Return, exactly as written, the lines of the material from its top through the line with "Watercolor painting of", keeping pictures out.

───── RECORDED DATA

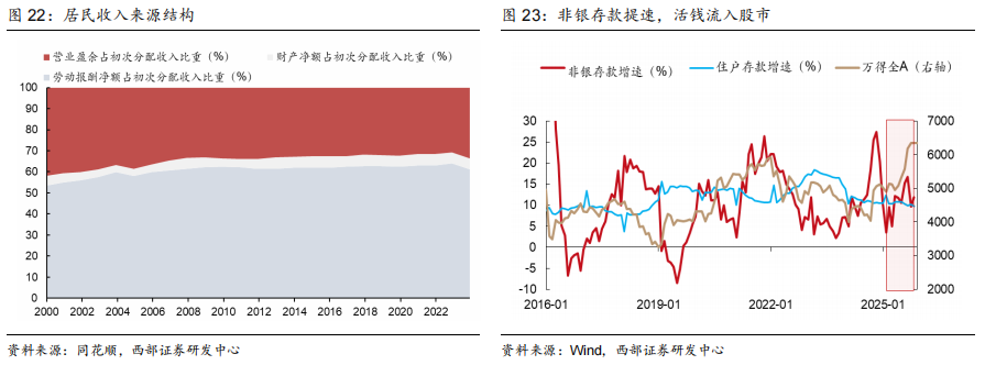 居民收入分为工薪收入和财产性收入。一方面,居民收入增长的源头在于企业,根本出路在于激发企业活力,并通过全面的产业升级提升全要素生产率;另一方面,地产对居民财富效应的支撑消退,提高居民在资本市场的资本配置、增加居民财产性收入的空间相对较大,股市有望成为新的财富蓄水池。
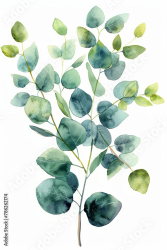 Watercolor painting of elegant eucalyptus branches emphasizing beauty and serenity.
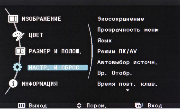 Пункт «Настройка и сброс» отвечает за настройку сервисных функций монитора, таких как автовыбор источника сигнала, язык интерфейса и даже время реакции на скорость нажатия. Кроме того, здесь можно произвести тонкую настройку интерфейса меню и осуществить сброс всех предустановок до заводских параметров. Стоит отметить, что режим экосохранения также находится в этом пункте.

──────────

_REPLY TO THE TASK_
 居民收入分为工薪收入和财产性收入。一方面,居民收入增长的源头在于企业,根本出路在于激发企业活力,并通过全面的产业升级提升全要素生产率;另一方面,地产对居民财富效应的支撑消退,提高居民在资本市场的资本配置、增加居民财产性收入的空间相对较大,股市有望成为新的财富蓄水池。
 Watercolor painting of elegant eucalyptus branches emphasizing beauty and serenity.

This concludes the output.